Training neural networks without the use of tools that makes initialization more relaxed, such as adam or batch normalization, is excruciating. Here we introduce multitudes of techniques to evaluate the correctness of the neural network.

### Activation Distribution#

• First of, activation distribution throughout the layers. We are using a somehow deep network to be able to see the effects, with 5 layers. Each linear layer is followed by a tanh. As we saw before, tanh kaiming scale is $\frac{5}{3}$. Here is how the activations look like when we have it right:

We see that the layers have somehow similar activations throughout, saturation is around 5% which is what we wanted. If we change the scaling value to $1$ instead:

We get an unbalanced activations with 0 saturation. To see even more clear, let’s set the value to $0.5$:

• The next test is on gradients. Same as before we want the gradients throughout the layers to be similar. Here is the gradient distribution when we actually use $5/3$ as our scaling value:

As opposed to  $3$:

We can see here that the gradients are shrinking.

What are we checking:

• The std should be similar across layers
• The mean should be similar across layers
• The grad:data ratio should be similar across layers

Grad:data ratio gives us an intuition of what is the scale of the gradient compared to the actual values. This is important because we will be taking a step update of the form w = w - lr * grad. If the gradient is too large compared to the actual values, we will be overshooting the minimum. If the gradient is too small compared to the actual values, we will be taking too many steps to reach the minimum.

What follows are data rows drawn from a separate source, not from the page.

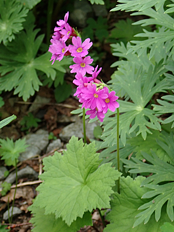 | サクラソウ科サクラソウ属サクラソウ節 分布 東北〜中部地方 花期 6〜7月 特徴 亜高山帯の湿った地に生える多年草。高さ15〜40センチの多年草。花は直径1.5〜2.5センチ。3〜9個ずつ1〜2段につく。花筒は萼のほぼ二倍体。葉は円形で5〜12センチ、掌状に7〜9裂する。 葉柄は15〜25センチで花茎とともにほとんど毛がない。 撮影手記 毎年、再撮影しようと思いつつ、いまだに実現できずにいる。ここにアップしたのはネガフィルムのもの。 76年、初めての北アルプス白馬岳から朝日岳の縦走。霧の中咲いているオオサクラソウを撮影。 79年、飯豊連峰登山のカイラギ沢雪渓の入り口に咲いていた。 25年、オオサクラソウを目的に八方尾根へ。歩き始めて一眼レフが動かないことを判明。失意で歩く。小さな雪渓を登ると、雪解けの草地に目的のオオサクラソウが咲いていた。オリンパスTG−7で撮影するが、なんとく物足らなかった。山小屋につき、一眼レフをいじっていたら、奇跡的に復活。翌日、心行くまで時間かけて、撮影することができた。 |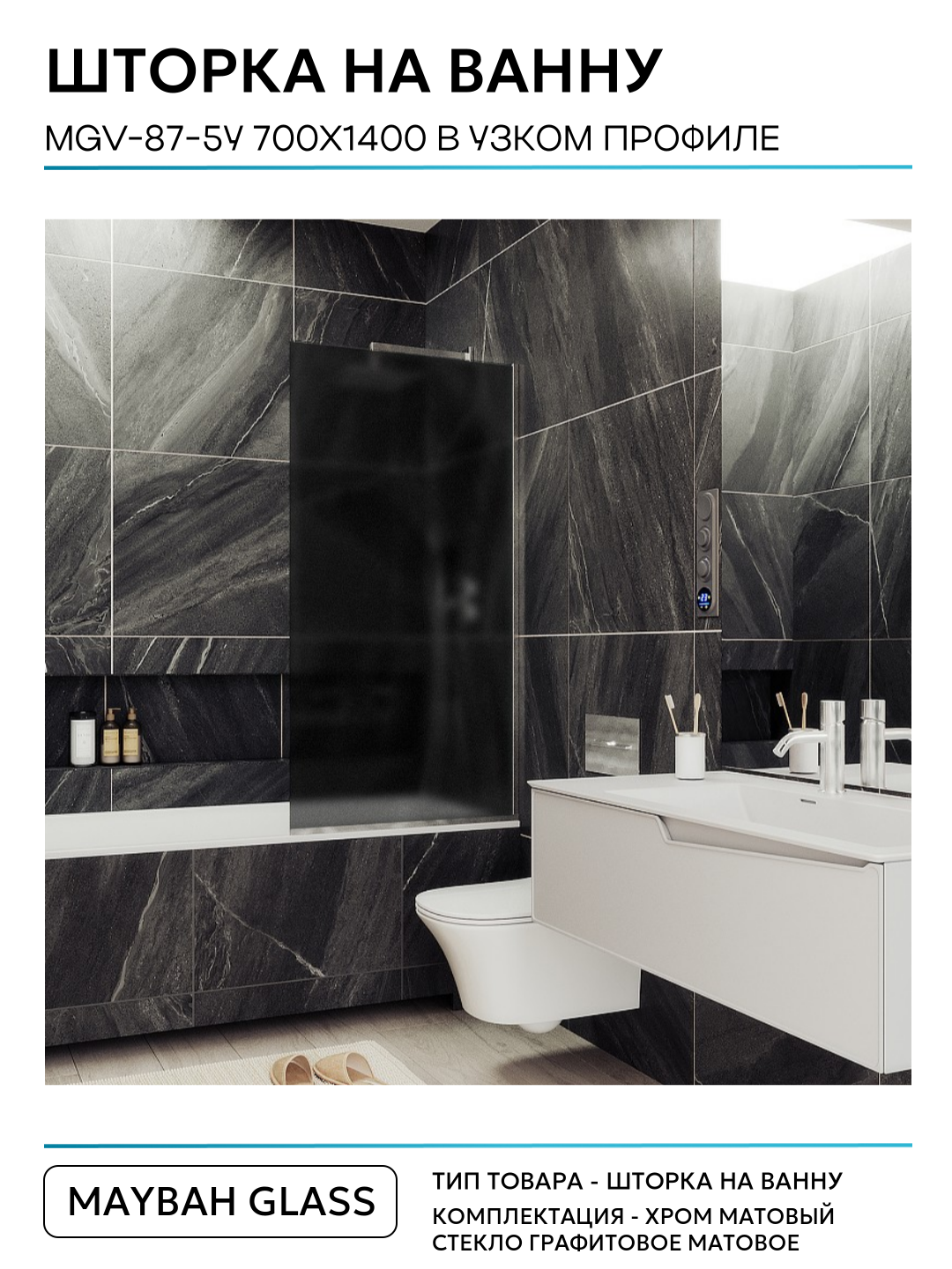 Шторка на ванну Maybah Glass 70х140 см графит матовый профиль хром матовый MGV-87-5у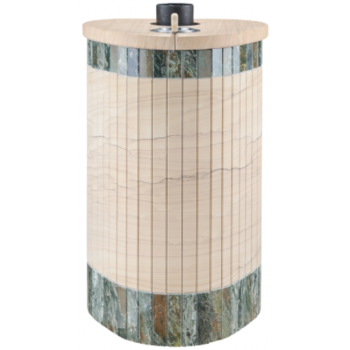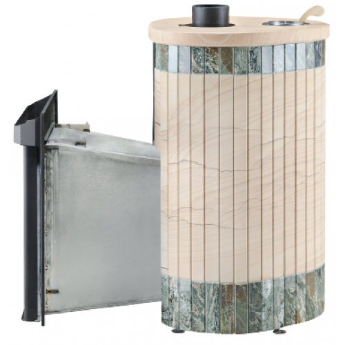 Облицовка из натурального камня по технологии "Ламель" несёт удивительное, целебное тепло, сохраняя, навсегда, изумительный облик. Печь для бани от завода VÖHRINGER, в облицовке "Ламель", может быть изготовлена из камня Жадеит или "Окаменевшее дерево", когда великолепный индивидуальный орнамент каменного среза, переносится на печь.

The std of the gradient is a measure of how much the gradient changes across the weights. If the std for a layer is too different from the std of the other layers, this will be an issue because this layer will be learning at a different rate than the other layers.

This is for initialization phase. If we let the network train for a while, it will fix this issue itself. Nevertheless, this is an issue especially if we are using a simple optimizer like SGD. If we are using an optimizer like Adam, this issue will be fixed automatically.

Here are examples;

 1 2 3 4 5 6 7  weights torch.Size([33, 10]) - mean +0.000207 - std 3.741454e-03 - grad:data ratio 3.559389e-03 weights torch.Size([50, 100]) - mean +0.000027 - std 2.011833e-03 - grad:data ratio 4.706446e-03 weights torch.Size([100, 100]) - mean -0.000008 - std 1.438244e-03 - grad:data ratio 4.848074e-03 weights torch.Size([100, 100]) - mean -0.000005 - std 9.275978e-04 - grad:data ratio 3.078747e-03 weights torch.Size([100, 100]) - mean -0.000007 - std 7.061330e-04 - grad:data ratio 2.373874e-03 weights torch.Size([100, 100]) - mean -0.000000 - std 5.087151e-04 - grad:data ratio 1.693161e-03 weights torch.Size([100, 33]) - mean +0.000000 - std 2.043289e-02 - grad:data ratio 2.027916e+00 

We can see that the ratio of the last layer is way too large, as well as its standard deviation. Which is why the pink line on the graph is too wide.

### Update Ratio#

We calculate the update std’s ratio with real value, and this gives us a measure for learning rate. Roughly the layers are all should be around -3

The formula is for each epoch: [(lr * p.grad.std() / p.data.std()).log().item() for p in params].